The decomposition level depends on the baseline wandering frequency, since it is the lowest noise frequency among other noises. To estimate the frequency of baseline wander, the two ‘bw’ records of [14] are taken into consideration. The power spectrum of each record is calculated. From Fig. 3, we can observe that the frequency range of both records is approximately concentrated below \(f_{BL} = 1 \;{\text{Hz}}\). To select the appropriate decomposition level \(J\), we used the formula described in [16]:

Fig. 3
figure 3

The corresponding power spectrum of the two ‘bw’ records of length 10 s from the noise stress test database

$$J = ceil\left( {\log_{2} \left( {\frac{{F_{max} }}{{f_{BL} }}} \right)} \right)$$

where the \(ceil(x)\) function rounds the element \(x\) to the nearest integer greater than or equal to that \(x\), \(F_{max}\) represents the highest frequency components that respect the Nyquist Theorem, whereas, \(f_{BL}\), which is equal to 1, is the baseline wander frequency. Since each database has its sampling frequency, \(F_{max}\) will change its value from database to another.

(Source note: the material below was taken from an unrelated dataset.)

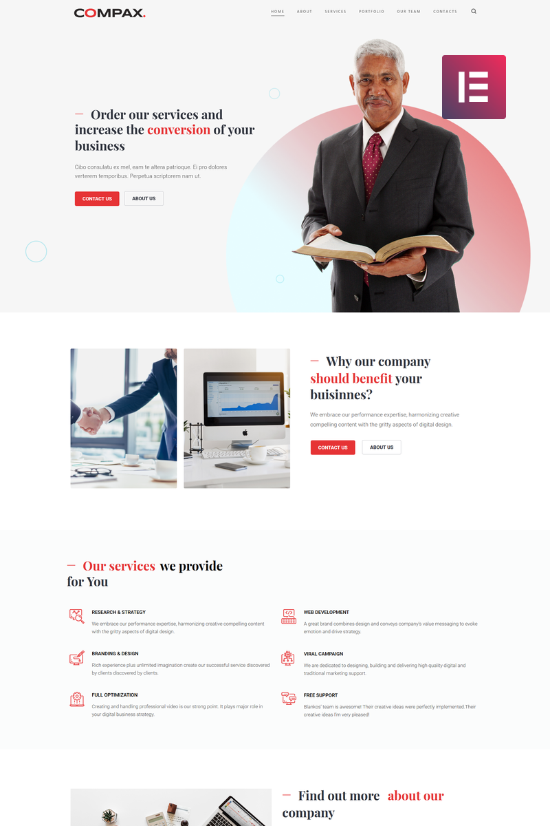 Compax - отлично подойдет для сайтов в области Бизнес услуги. WordPress шаблон 2021 года - Minimal Creative Business WordPress Elementor Theme.
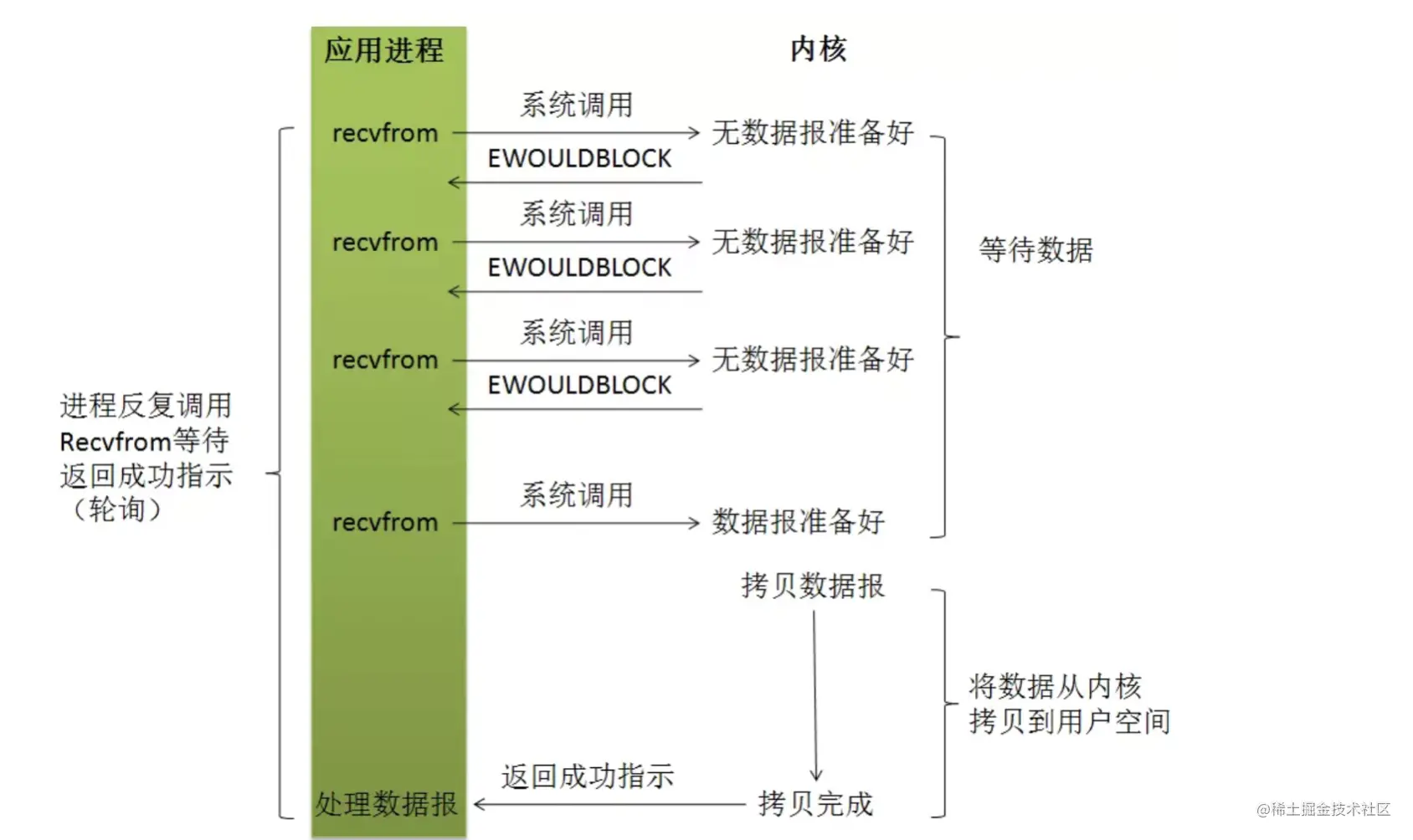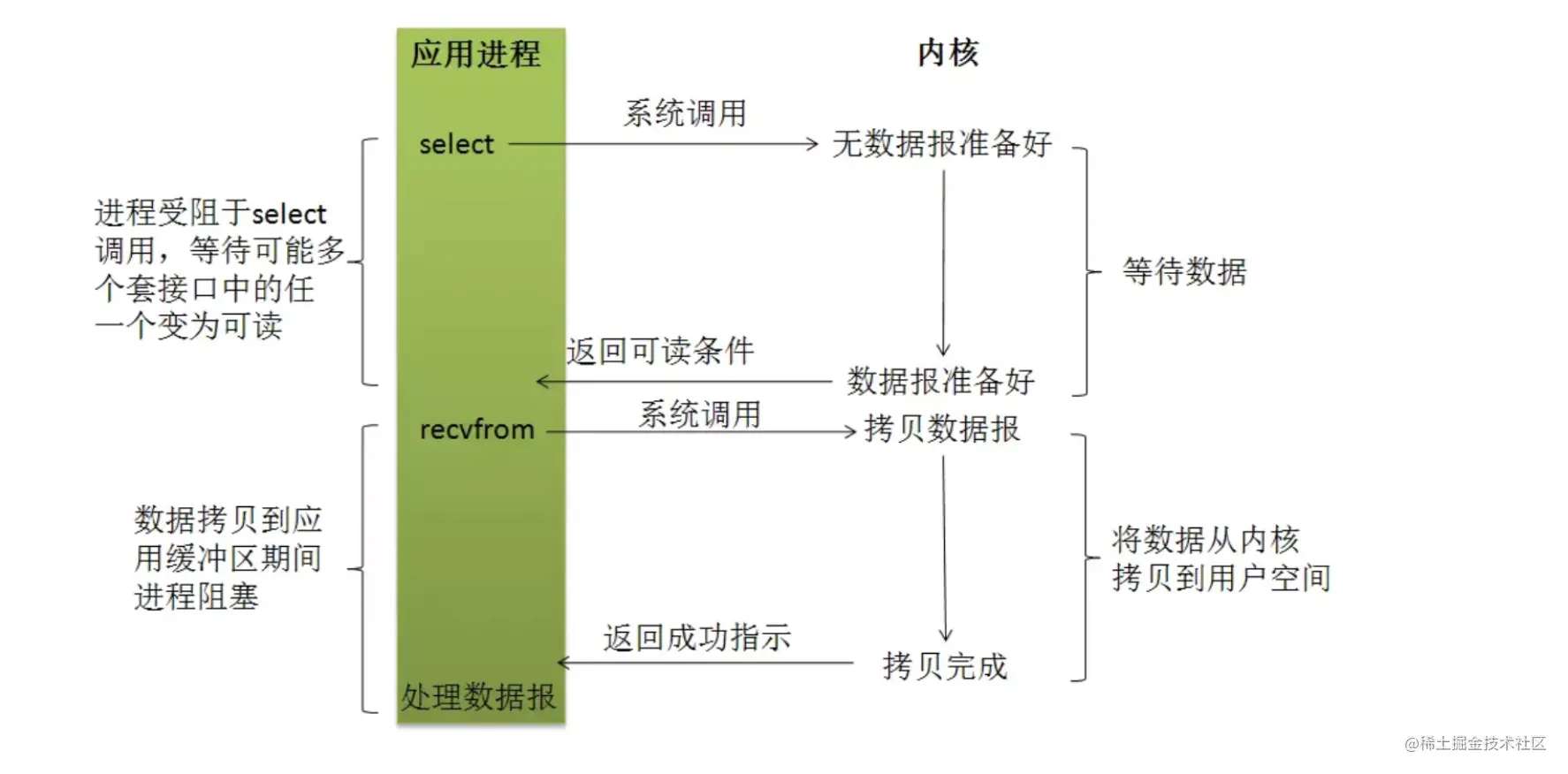 - 系统发出I/O请求,等待数据准备好(如网络I/O,等待数据从网络中到达socket;等待系统从磁盘上读取数据等)

Zeroing approximation coefficients

Since the decomposition level is determined, the approximation coefficients magnitude at level \(J\) are set to zero to suppress the baseline wander noise.

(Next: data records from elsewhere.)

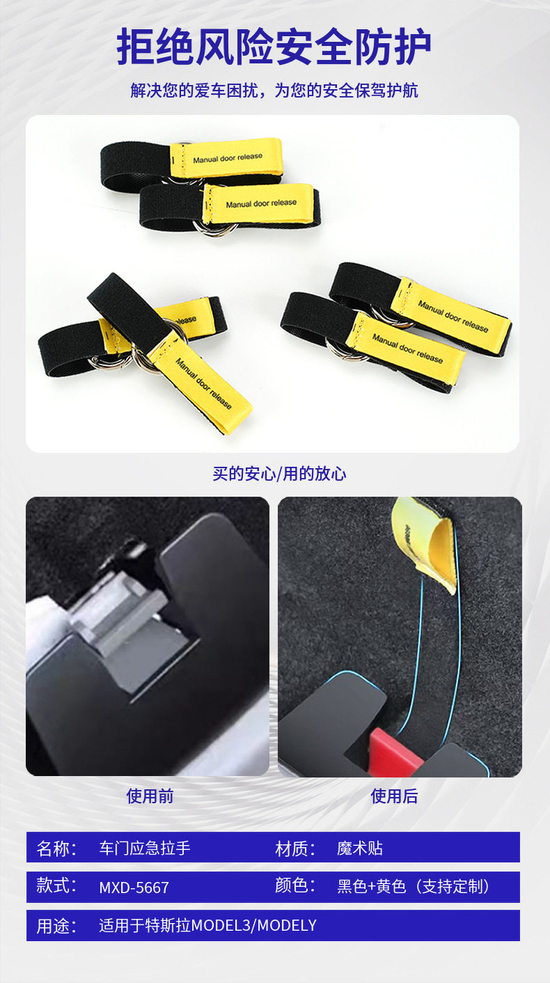 Tesla ModlY/ModlY3 door emergency safety pull rope physical door lock rear door emergency handle
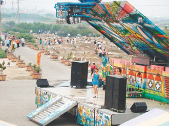 大型電子琴花車昨天下午停在嘉義縣東石鄉(xiāng)第四公墓納骨塔旁,穿著清涼的主持人說了幾句清明節(jié)祝福話,接著介紹表演女郎上臺,穿著藍色薄紗的女郎扭腰擺臀唱了兩首歌,隨即脫掉薄紗外套,露出比基尼舞臺裝繼續(xù)表演。
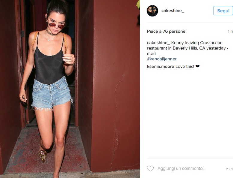 LOS ANGELES – Kendall Jenner magrissima: shorts e canotta FOTO. Kendall Jenner ha un fisico al top e, se ogni tanto ce lo dimenticassimo, ci pensa la modella stessa ogni giorno a ricordarcelo. La sorellastra di Kim Kardashian è stata paparazzata all’uscita di un ristorante a Beverly Hills, in California, e come al solito ha catalizzato l’attenzione dei fotografi e del pubblico per via del suo look a dir poco audace: canotta nera in seta super scollata e shorts in jeans cortissimi che mettevano in risalto le gambe toniche e slanciate della modella, Kendall Jenner è apparsa come al solito incredibilmente glamour.
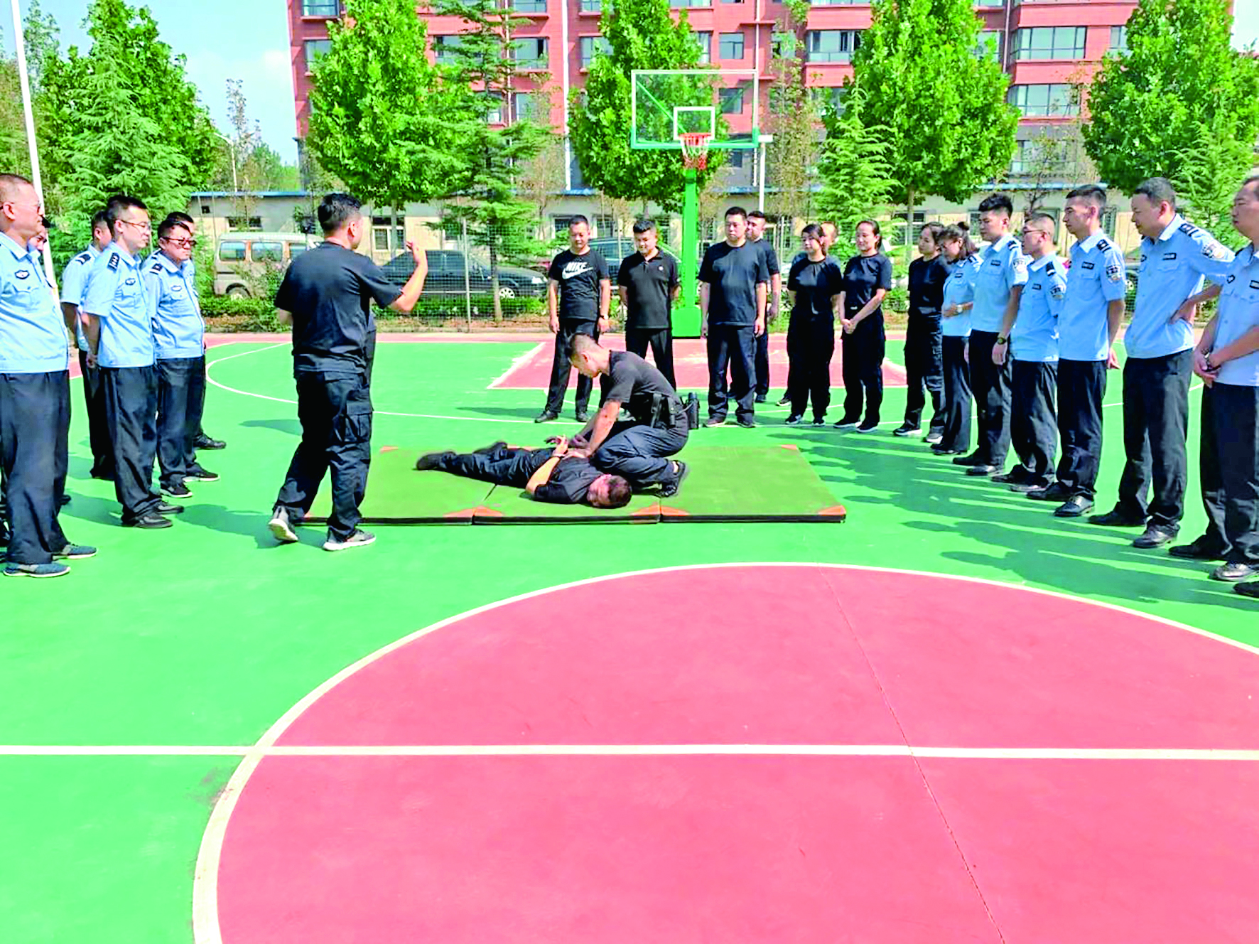 培训中,教官采取理论讲解、动作示范、分组训练和实战模拟等形式,循序渐进地加深民警对警务实战的理解。同时,通过对日常警务工作中的成功经验和不规范行为进行比较,让规范执法深深刻在民警心里。 张金萍 摄

Details magnitude threshold

The details coefficients representing the high frequency of the signal are quantified up to a level \(X\). This level \(X\) is determined empirically through a set of simulations. To select the optimal values, all threshold values and functions presented in this work have been tested on the algorithm.

Reconstruct ECG signal

The processed details coefficients at each level, all together with the vanished approximation coefficients at level \(J\) are inversely transformed using the inverse dual tree complex wavelet transform to get the clean ECG signal.

Evaluation parameters

To quantify the algorithm performance and compare it with other methods, we took the most significant and widespread parameters in literature. In the following expressions, \(x_{n} \left( n \right)\) means the studied original signal \(x_{0} \left( n \right)\) corrupted by noise, while \(x_{r} \left( n \right)\) represents the de-noised signal that is reconstructed from the algorithm.

  • Mean square error

$$MSE = \frac{1}{N}\mathop \sum \limits_{n = 0}^{N - 1} \left[ {x_{0} \left( n \right) - x_{r} \left( n \right)} \right]^{2}$$
  • Signal-to-noise-ratio

This parameter measures the amount of noise in a signal. This noise is evaluated at two levels, the noisy input signal in the case of \(SNR_{in}\) and the output reconstructed signal for \(SNR_{out}\).

$$SNR_{in} \left( {\text{dB}} \right) = 10\log_{10} \left( {\frac{{\mathop \sum \nolimits_{n = 0}^{N - 1} \left[ {x_{0} \left( n \right)} \right]^{2} }}{{\mathop \sum \nolimits_{n = 0}^{N - 1} \left[ {x_{0} \left( n \right) - x_{n} \left( n \right)} \right]^{2} }}} \right)$$
$$SNR_{out} \left( {\text{dB}} \right) = 10\log_{10} \left( {\frac{{\mathop \sum \nolimits_{n = 0}^{N - 1} \left[ {x_{0} \left( n \right)} \right]^{2} }}{{\mathop \sum \nolimits_{n = 0}^{N - 1} \left[ {x_{0} \left( n \right) - x_{r} \left( n \right)} \right]^{2} }}} \right)$$

The overall signal-to-noise-ratio is assessed using the \(SNR\) improvement.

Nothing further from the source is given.